On Thursday, August 6, 2020, at 2:15 PM Pacific Time (21:15 UTC) we deployed an update to one of our jobs responsible for making real-time machine learning updates. The job had a bug that caused a (reversible) corruption in machine learning data. The data is used by the servers serving LiftIgniter's recommendations (known as the model-servers). The corruption in the data resulted in internal server errors (status code 500) being returned by the model-servers on some queries.

Only queries that used the corrupted data in a particular way were affected.

The errors were discovered by our engineers through an alert. After determining that the bad code deployment to the job responsible for real-time machine learning updates was responsible, we reverted the deployment for that job. The errors died out within a few minutes of the revert.

Event timeline

  1. On Thursday, August 6, 2020, at 2:11 PM (21:11 UTC) we began a deployment to one of our jobs responsible for real-time machine learning. The deployment finished rollout at 2:15 PM (21:15 UTC).
  2. Starting 2:19 PM (21:19 UTC), corruption in the machine learning data started causing the model-servers to return internal server errors with status code 500. The initial error rate was 0.023%, and in the next few minutes (till about 2:33 PM) the error rate rose to 0.5%.
  3. At 2:26 PM (21:26 UTC), after a little over 6 minutes of 500 internal server errors, an alert triggered, notifying our engineers. Since the error was on the model-servers, and the deployment had been to a different component, we were not initially sure that the deployment was the cause, but it was a leading hypothesis.
  4. Starting 2:34 PM (21:34 UTC), the error rate started increase. By the time range of 2:41 PM to 2:49 PM, the error rate had increased to the range of 3% to 3.5%. The error rate differently affected different customers; at the high end, error rates for one customer reached 17%.
  5. By 2:50 PM (21:50 UTC), the revert of the bad deploy had been completed, and the error rate started going down. By 2:54 PM, the error rate was down to zero.
  6. Following the immediate mitigation, we continued investigating the mechanism of the problem and began working on robustification of the model-server. After extensive testing and peer review, the robustifications were rolled out to production on Friday, August 7, 2020, starting 6:26 PM Pacific Time.
  7. On Monday, August 10, 2020, we resumed making updates to the jobs involved in building machine learning configurations. Thanks to the robustifications pushed out the previous Friday, we were able to make the changes safely with minimal risk to the serving.

Cause and impact

The underlying cause of the problem was that the bad deploy of the machine learning update job had a bug due to which, at each update, some parts of the record being updated were set to null. The model-server, when reading the record, would encounter the null, and throw an error. The error would get caught in the model-server and return as a 500 internal server to the end user.
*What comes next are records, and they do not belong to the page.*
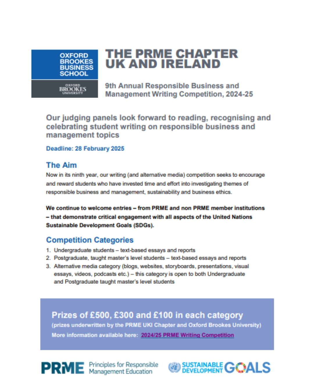 Entries are invited on a broad range of topics related to responsible business, management and leadership themes and consistent with PRME’s support for the UN Sustainable Development Goals. An indicative but not exclusive list of possible topic areas includes: business ethics, CSR, environmental economics, social business models, social and environmental accounting, green supply chains, responsible marketing, sustainable HRM and responsible management education.
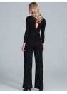 Combinaison à manches longues et à jambes larges en maille côtelée fluide, avec une fente au dos et une fermeture à boutons-pression.
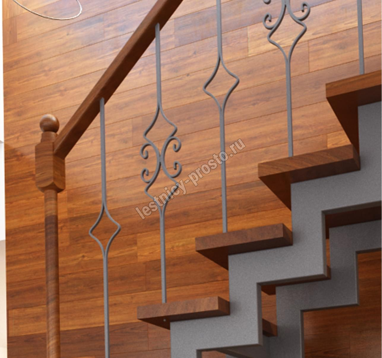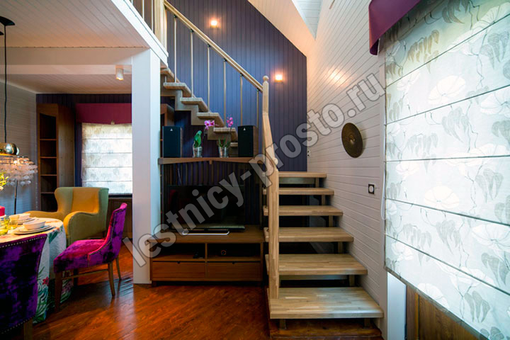 У данного варианта лестницы поворот реализован через забежные ступени. Под заказ возможно изготовление каркаса под поворотную площадку.
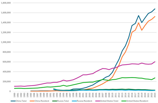 Another indicator of digital ecosystem vitality and leadership is the number of patent applications submitted, especially those by non-residents, which suggests the ecosystem’s attractiveness. Trends in patent applications from the WIPO database [88] (see Figure 4) reveal three key points. First, Russia consistently shows low patent activity. Second, China experienced significant growth since the early 2000s, surpassing the U.S. in the early 2010s. Third, in the U.S., non-resident patent applications make up over half of the total, highlighting America’s innovation strength in attracting global talent and intellectual property compared to China.
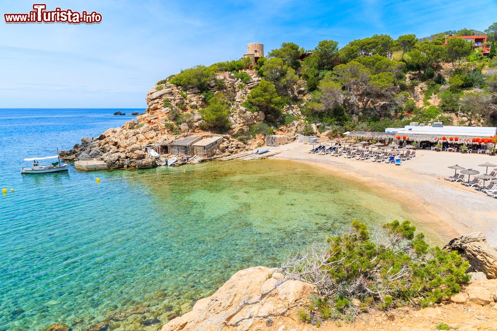 Molto tranquilla, ideale per giornate di relax a pelo d’acqua, la spiaggia non è molto grande, ma ha tutto quello che serve: due ristoranti, uno dei quali direttamente sulla sabbia, e possibilità di affittare lettini e ombrelloni. I suoi fondali, poi, ricchi di vita, vanno esplorati con maschera, pinne e boccaglio. Nei suoi pressi, infine, si trova un ampio parcheggio gratuito. Chi preferisce muoversi con i mezzi pubblici lo può fare, prendendo il bus Linea 1 che parte da Sant Antoni – Stella Maris.
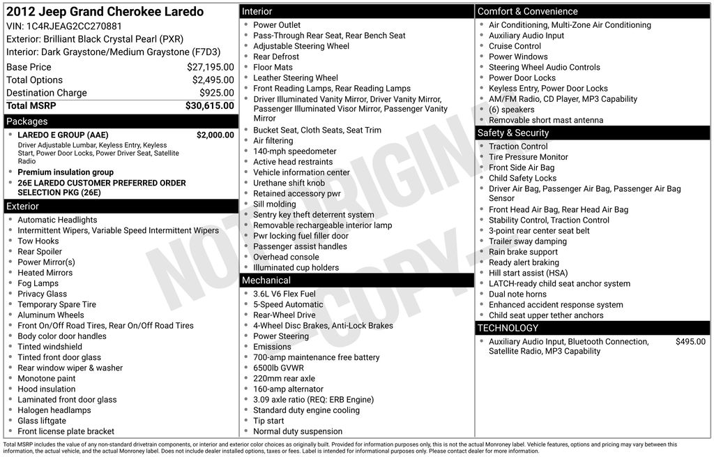 2012 Jeep Grand Cherokee Laredo **Here at Long-Lewis we believe in being transparent. We have no Doc fees, or any other hidden fees. We are a one price store and give our best price up front and they are clearly marked on all our inventory.** Brilliant Black Crystal Pearlcoat RWD 5-Speed Automatic 3.6L V6 Flex Fuel 24V VVT
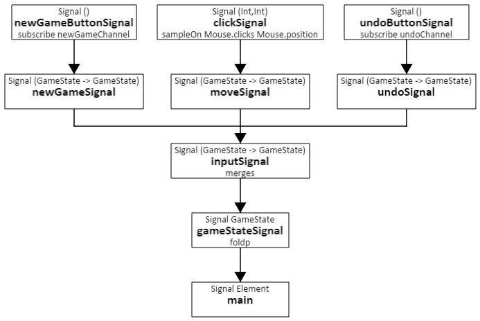 The first three functions create the basic input signals that are then transformed into other signals. The clickSignal function creates a signal which outputs the mouse pointer position on every click. The newGameButtonSignal function returns the signal associated with newGameMailbox. The undoButtonSignal function returns the signal associated with undoMailbox.

The impact of the problem was therefore limited to the queries where one or more of the records looked up in the query had been updated since the bad deploy. Therefore, the percentage of queries affected increased gradually after the bad deploy. There was a further lag in the increase of errors due to caching on the model-server side. Specifically, the sharp increase in error rate at 2:34 PM Pacific Time, 15 minutes after the start of errors, was partly due to the fact that the maximum cache duration is about 11 minutes.

Similarly, after the bad deploy was reverted, the error rate started dropping as the affected records started cleaning themselves. This reduction was more rapid because the corrupt data had not been cached in our model-servers (only valid data is cached).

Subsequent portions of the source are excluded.